▶ [About this task]:
An exact restatement of the entire listing is needed, excluding all images.

======== Data to process

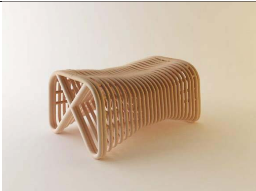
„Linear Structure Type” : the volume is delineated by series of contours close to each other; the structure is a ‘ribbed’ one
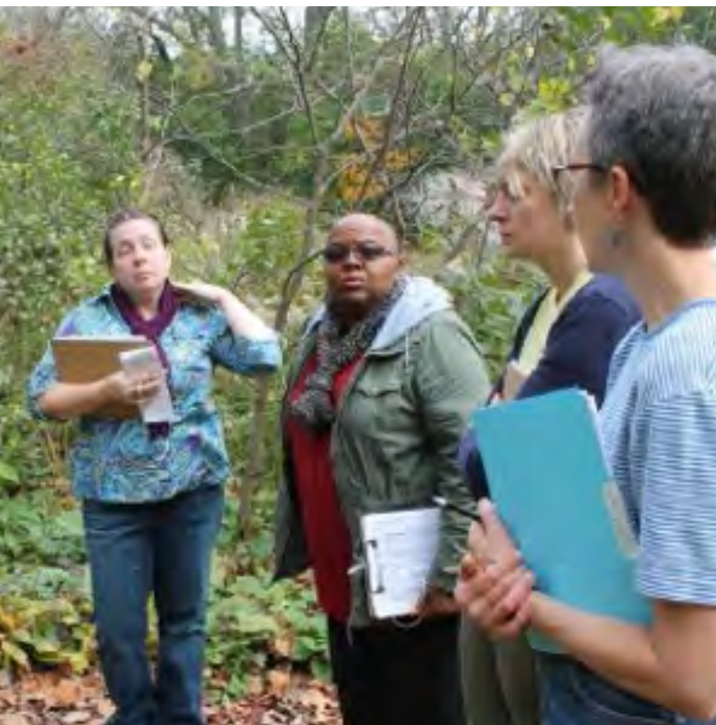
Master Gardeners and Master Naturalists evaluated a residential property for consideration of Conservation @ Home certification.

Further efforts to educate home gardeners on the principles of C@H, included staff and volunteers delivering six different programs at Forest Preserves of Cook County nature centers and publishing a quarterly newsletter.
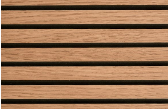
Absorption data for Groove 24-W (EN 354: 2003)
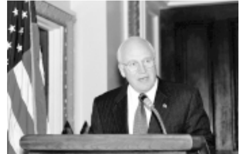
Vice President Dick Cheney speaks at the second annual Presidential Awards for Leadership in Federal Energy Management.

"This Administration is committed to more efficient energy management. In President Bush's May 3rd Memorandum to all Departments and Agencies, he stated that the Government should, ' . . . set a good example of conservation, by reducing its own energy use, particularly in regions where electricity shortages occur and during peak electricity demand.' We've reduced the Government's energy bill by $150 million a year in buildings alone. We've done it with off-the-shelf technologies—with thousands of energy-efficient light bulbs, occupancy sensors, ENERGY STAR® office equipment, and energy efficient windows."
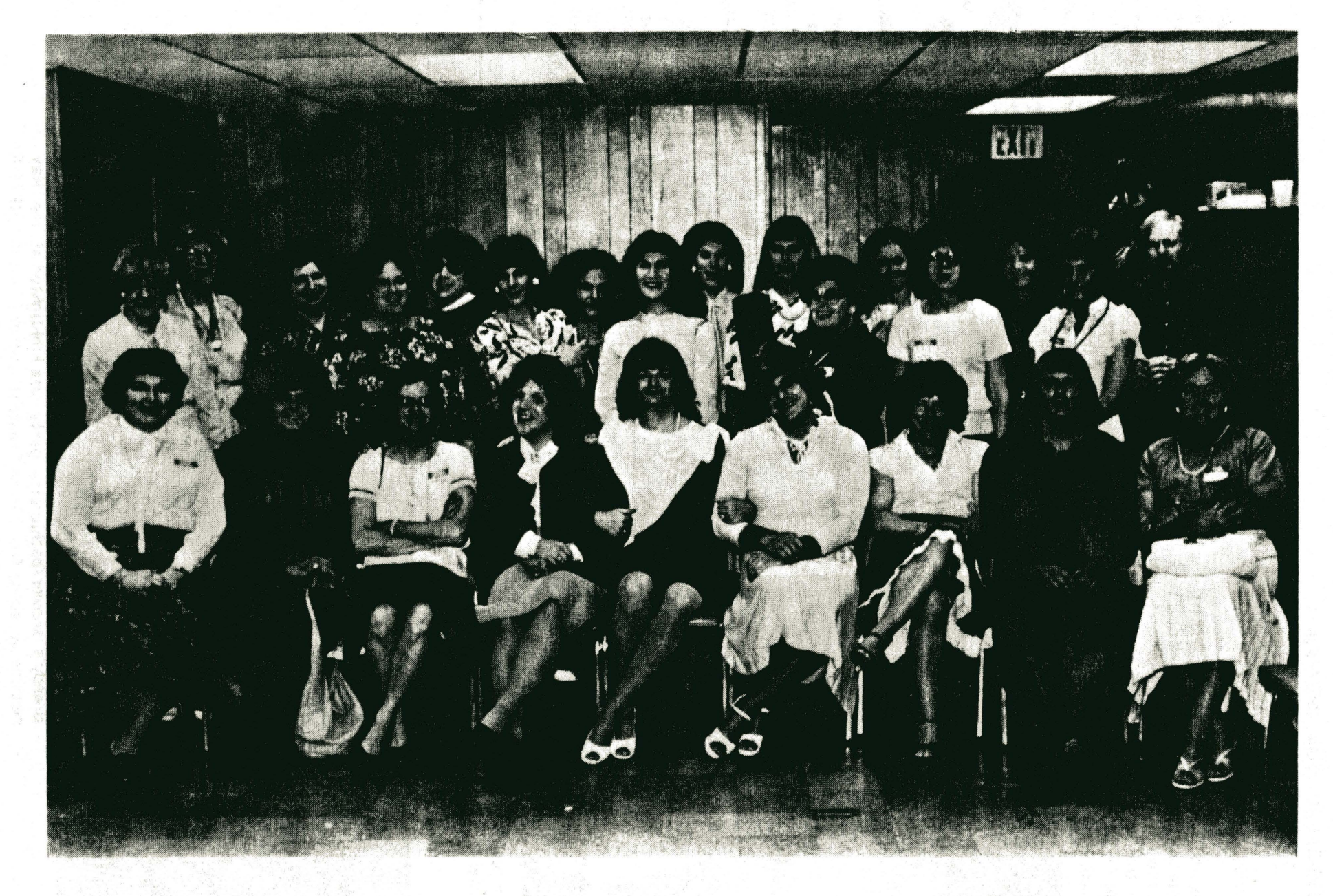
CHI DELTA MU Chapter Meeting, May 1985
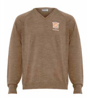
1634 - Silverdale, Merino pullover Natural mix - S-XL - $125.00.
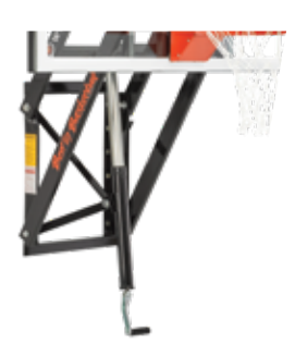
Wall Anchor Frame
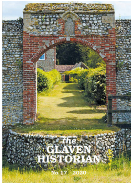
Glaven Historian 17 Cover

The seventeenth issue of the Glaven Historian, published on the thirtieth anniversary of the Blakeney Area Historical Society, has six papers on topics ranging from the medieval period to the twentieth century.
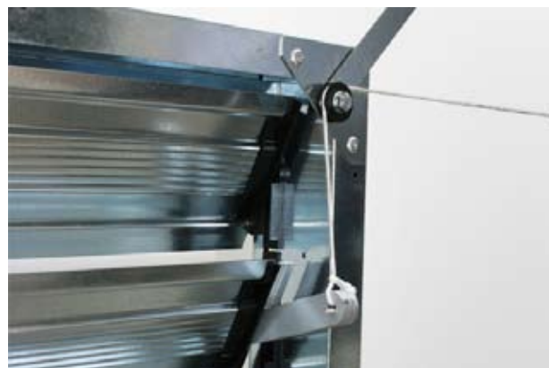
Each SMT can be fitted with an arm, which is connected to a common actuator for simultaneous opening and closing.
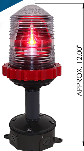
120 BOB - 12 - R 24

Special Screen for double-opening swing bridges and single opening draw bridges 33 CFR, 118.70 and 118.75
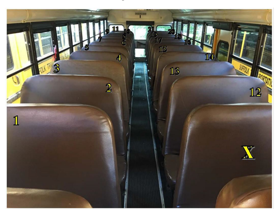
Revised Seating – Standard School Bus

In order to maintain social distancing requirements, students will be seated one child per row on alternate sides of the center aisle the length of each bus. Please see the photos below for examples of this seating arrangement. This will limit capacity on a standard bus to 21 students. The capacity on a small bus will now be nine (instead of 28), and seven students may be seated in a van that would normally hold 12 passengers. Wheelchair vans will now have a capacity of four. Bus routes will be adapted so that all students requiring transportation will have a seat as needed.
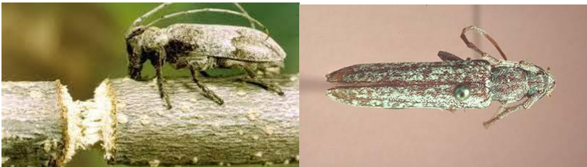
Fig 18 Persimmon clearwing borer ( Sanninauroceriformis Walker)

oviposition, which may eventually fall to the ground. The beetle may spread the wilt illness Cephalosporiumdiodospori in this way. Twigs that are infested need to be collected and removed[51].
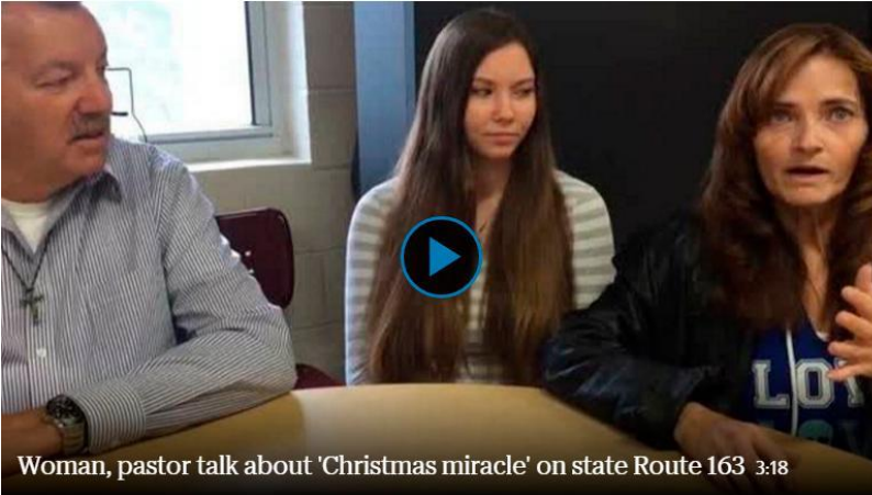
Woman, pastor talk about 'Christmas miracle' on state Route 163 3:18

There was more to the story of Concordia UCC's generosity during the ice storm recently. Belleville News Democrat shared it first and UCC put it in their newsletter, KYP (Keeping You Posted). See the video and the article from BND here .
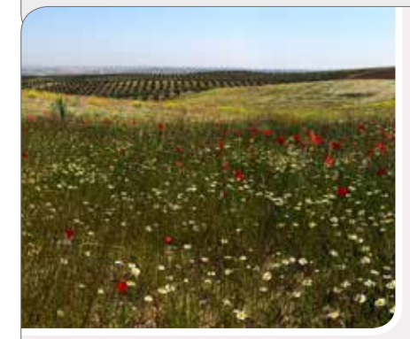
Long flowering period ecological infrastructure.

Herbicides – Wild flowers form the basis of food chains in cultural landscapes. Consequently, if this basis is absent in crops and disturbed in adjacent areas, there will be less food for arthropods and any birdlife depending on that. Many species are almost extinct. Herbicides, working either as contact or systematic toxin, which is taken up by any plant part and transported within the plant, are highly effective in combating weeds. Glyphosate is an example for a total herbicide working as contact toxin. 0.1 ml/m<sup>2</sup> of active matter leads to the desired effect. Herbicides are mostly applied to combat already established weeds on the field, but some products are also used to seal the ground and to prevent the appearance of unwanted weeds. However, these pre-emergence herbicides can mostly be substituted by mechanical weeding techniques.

================

▶ [Expected answer]:
„Linear Structure Type” : the volume is delineated by series of contours close to each other; the structure is a ‘ribbed’ one
Master Gardeners and Master Naturalists evaluated a residential property for consideration of Conservation @ Home certification.

Further efforts to educate home gardeners on the principles of C@H, included staff and volunteers delivering six different programs at Forest Preserves of Cook County nature centers and publishing a quarterly newsletter.
Absorption data for Groove 24-W (EN 354: 2003)
Vice President Dick Cheney speaks at the second annual Presidential Awards for Leadership in Federal Energy Management.

"This Administration is committed to more efficient energy management. In President Bush's May 3rd Memorandum to all Departments and Agencies, he stated that the Government should, ' . . . set a good example of conservation, by reducing its own energy use, particularly in regions where electricity shortages occur and during peak electricity demand.' We've reduced the Government's energy bill by $150 million a year in buildings alone. We've done it with off-the-shelf technologies—with thousands of energy-efficient light bulbs, occupancy sensors, ENERGY STAR® office equipment, and energy efficient windows."
CHI DELTA MU Chapter Meeting, May 1985
1634 - Silverdale, Merino pullover Natural mix - S-XL - $125.00.
Wall Anchor Frame
Glaven Historian 17 Cover

The seventeenth issue of the Glaven Historian, published on the thirtieth anniversary of the Blakeney Area Historical Society, has six papers on topics ranging from the medieval period to the twentieth century.
Each SMT can be fitted with an arm, which is connected to a common actuator for simultaneous opening and closing.
120 BOB - 12 - R 24

Special Screen for double-opening swing bridges and single opening draw bridges 33 CFR, 118.70 and 118.75
Revised Seating – Standard School Bus

In order to maintain social distancing requirements, students will be seated one child per row on alternate sides of the center aisle the length of each bus. Please see the photos below for examples of this seating arrangement. This will limit capacity on a standard bus to 21 students. The capacity on a small bus will now be nine (instead of 28), and seven students may be seated in a van that would normally hold 12 passengers. Wheelchair vans will now have a capacity of four. Bus routes will be adapted so that all students requiring transportation will have a seat as needed.
Fig 18 Persimmon clearwing borer ( Sanninauroceriformis Walker)

oviposition, which may eventually fall to the ground. The beetle may spread the wilt illness Cephalosporiumdiodospori in this way. Twigs that are infested need to be collected and removed[51].
Woman, pastor talk about 'Christmas miracle' on state Route 163 3:18

There was more to the story of Concordia UCC's generosity during the ice storm recently. Belleville News Democrat shared it first and UCC put it in their newsletter, KYP (Keeping You Posted). See the video and the article from BND here .
Long flowering period ecological infrastructure.

Herbicides – Wild flowers form the basis of food chains in cultural landscapes. Consequently, if this basis is absent in crops and disturbed in adjacent areas, there will be less food for arthropods and any birdlife depending on that. Many species are almost extinct. Herbicides, working either as contact or systematic toxin, which is taken up by any plant part and transported within the plant, are highly effective in combating weeds. Glyphosate is an example for a total herbicide working as contact toxin. 0.1 ml/m<sup>2</sup> of active matter leads to the desired effect. Herbicides are mostly applied to combat already established weeds on the field, but some products are also used to seal the ground and to prevent the appearance of unwanted weeds. However, these pre-emergence herbicides can mostly be substituted by mechanical weeding techniques.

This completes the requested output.